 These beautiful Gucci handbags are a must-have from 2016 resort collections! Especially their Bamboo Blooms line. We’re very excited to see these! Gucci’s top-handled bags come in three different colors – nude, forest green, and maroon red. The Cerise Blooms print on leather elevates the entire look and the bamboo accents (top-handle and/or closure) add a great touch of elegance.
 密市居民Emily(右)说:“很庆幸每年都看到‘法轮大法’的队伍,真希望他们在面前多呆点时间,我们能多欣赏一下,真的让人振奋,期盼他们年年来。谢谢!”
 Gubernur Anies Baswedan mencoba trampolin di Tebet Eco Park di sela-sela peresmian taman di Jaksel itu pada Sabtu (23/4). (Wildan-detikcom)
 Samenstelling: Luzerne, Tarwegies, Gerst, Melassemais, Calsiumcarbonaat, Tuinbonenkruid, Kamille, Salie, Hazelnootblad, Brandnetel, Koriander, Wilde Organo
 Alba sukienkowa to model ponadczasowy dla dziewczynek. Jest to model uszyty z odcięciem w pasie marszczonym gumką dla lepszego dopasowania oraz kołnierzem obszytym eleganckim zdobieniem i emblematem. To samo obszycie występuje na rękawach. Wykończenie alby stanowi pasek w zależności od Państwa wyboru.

--

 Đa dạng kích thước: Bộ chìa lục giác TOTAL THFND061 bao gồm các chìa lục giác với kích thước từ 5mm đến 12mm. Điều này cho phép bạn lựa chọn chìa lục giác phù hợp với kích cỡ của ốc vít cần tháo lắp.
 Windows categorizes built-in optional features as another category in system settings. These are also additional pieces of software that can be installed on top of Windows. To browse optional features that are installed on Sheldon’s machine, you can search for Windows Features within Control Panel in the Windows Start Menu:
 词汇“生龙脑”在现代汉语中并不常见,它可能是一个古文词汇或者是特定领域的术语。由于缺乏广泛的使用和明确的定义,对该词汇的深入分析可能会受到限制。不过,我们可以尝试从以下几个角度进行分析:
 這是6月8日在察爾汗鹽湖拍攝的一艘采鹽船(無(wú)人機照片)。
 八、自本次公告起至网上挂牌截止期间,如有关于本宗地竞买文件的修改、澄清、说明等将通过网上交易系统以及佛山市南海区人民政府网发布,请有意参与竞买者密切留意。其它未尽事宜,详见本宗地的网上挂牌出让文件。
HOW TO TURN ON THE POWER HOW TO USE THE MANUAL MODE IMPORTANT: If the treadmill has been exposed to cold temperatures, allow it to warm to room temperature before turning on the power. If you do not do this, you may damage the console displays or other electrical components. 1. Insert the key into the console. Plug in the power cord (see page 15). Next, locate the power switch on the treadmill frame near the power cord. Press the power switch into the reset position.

■ **What is required**:
Within the listing above, extract exactly the lines from the line with "These beautiful Gucci" to the line with "Koriander, Wilde Organo", the two named lines included, and no others.

■ **Reply to the task**:
 These beautiful Gucci handbags are a must-have from 2016 resort collections! Especially their Bamboo Blooms line. We’re very excited to see these! Gucci’s top-handled bags come in three different colors – nude, forest green, and maroon red. The Cerise Blooms print on leather elevates the entire look and the bamboo accents (top-handle and/or closure) add a great touch of elegance.
 密市居民Emily(右)说:“很庆幸每年都看到‘法轮大法’的队伍,真希望他们在面前多呆点时间,我们能多欣赏一下,真的让人振奋,期盼他们年年来。谢谢!”
 Gubernur Anies Baswedan mencoba trampolin di Tebet Eco Park di sela-sela peresmian taman di Jaksel itu pada Sabtu (23/4). (Wildan-detikcom)
 Samenstelling: Luzerne, Tarwegies, Gerst, Melassemais, Calsiumcarbonaat, Tuinbonenkruid, Kamille, Salie, Hazelnootblad, Brandnetel, Koriander, Wilde Organo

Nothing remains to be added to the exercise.